Where variable revenue hasn’t been recognised, the entity will assess at the end of each reporting period, whether the uncertainties that prevented recognition have been resolved, and recognise revenue at that point.

Example:

Dev Co enters into a contract with a customer which contains a $100,000 bonus if they finish the construction of a new factory within 24 months from signing of the contract. As this construction is in the tropics, Dev Co assesses their ability to finish the project within the time frame will be highly susceptible to weather.
As the weather conditions over the next 24 months are not within the control of Dev Co they can not recognise the bonus until construction is complete (it is possible poor weather would cause a significant reversal in any revenue recognised).
 

5. Financing components within contracts

Sales in the property development and construction industry regularly include payments either up front or in arrears of, when revenue is recognised for accounting purposes. IFRS provides extensive guidance on the treatment of any financing component within a revenue contract (there is an exemption from this analysis if the time period between the payment and receipt of goods or services is less than one year). Where this component is deemed to be significant then it must be accounted for separately from revenue.

Example:

Dev Co has recently finished it latest high-rise apartment block on the Gold Coast. As 25% of the units remain unsold at the end of the development they have offered new purchasers of apartments the following terms:

  • Purchase price $500,000
  • 10% to be paid up front and the remainder to be paid in 2 years’ time
  • Assume a discount rate of 6% per annum.

The arrangement contains a significant financing component (which extends beyond 1 year). The present value of the payments is calculated using the information above as $450,500. Which represents a financing component of $49,500 contained within the contract.

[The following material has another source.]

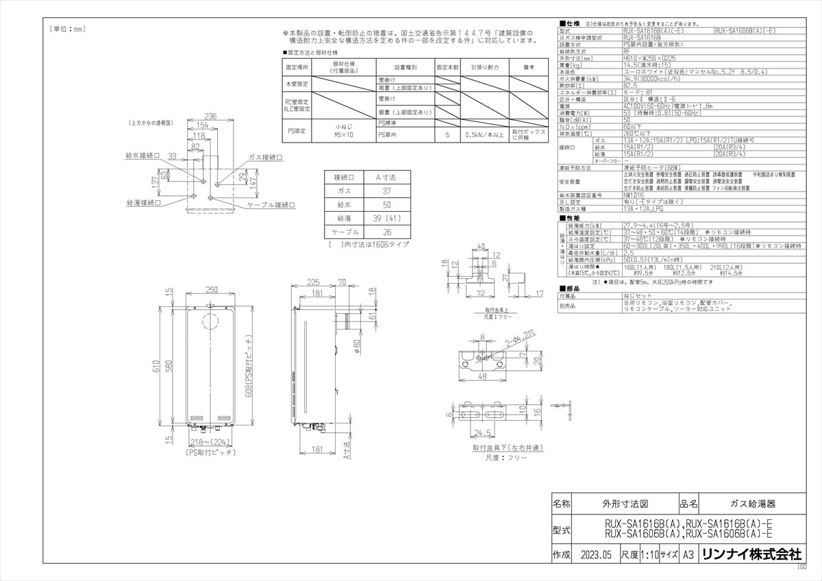 品名コード:23-1725シリーズ名:RUX-SA商品名:ガス給湯器型式名:RUX-SA1606B(A)-E仕向先名:リンナイ重量(Kg):17.5Kg外形寸法_高さ:610mm外形寸法_幅:250mm外形寸法_奥行:225mm梱包縦寸法:435梱包横寸法:355梱包幅寸法:775体積(M3):0.12M3後継型式類似型式付属部品:ねじセット販売開始日:2023/07/01

In this situation Dev Co recognises $450,500 as the revenue associated with the sale of the apartment on day 1 and interest revenue of $49,500 over the next 2 years.
 

6. Costs of obtaining a contract

IFRS 15 permits only the incremental costs of obtaining a contract to be capitalised. Costs that would have arisen regardless of whether the contract was obtained must be expensed when incurred.

Therefore, salary costs of employees and consulting fees (paid regardless of success) will need to be expensed under IFRS 15. Success fees paid to internal staff or external consultants when a new contract is secured should be capitalised[3]

Example:

Dev Co pays sales staff a monthly retainer and a 5% bonus for any sales made.

Under IFRS 15 Dev Co must expense the monthly retainer. The bonus will be capitalised as an asset as it is an incremental cost of obtaining a new contract.
 
The information contained in this article is for general guidance only and does not represent, nor intend to be, advice. We recommend that prior to taking any action or making any decision, that you consult with an advisor to ensure that individual circumstances are taken into account.


[1] AASB 15 Revenue from Contracts with Customers in Australia.
[2] Effective for reporting periods commencing on or after 1 January 2019 for not-for-profit entities
[3] Costs that are explicitly chargeable to the customer regardless of whether the contract is obtained are recognised as assets.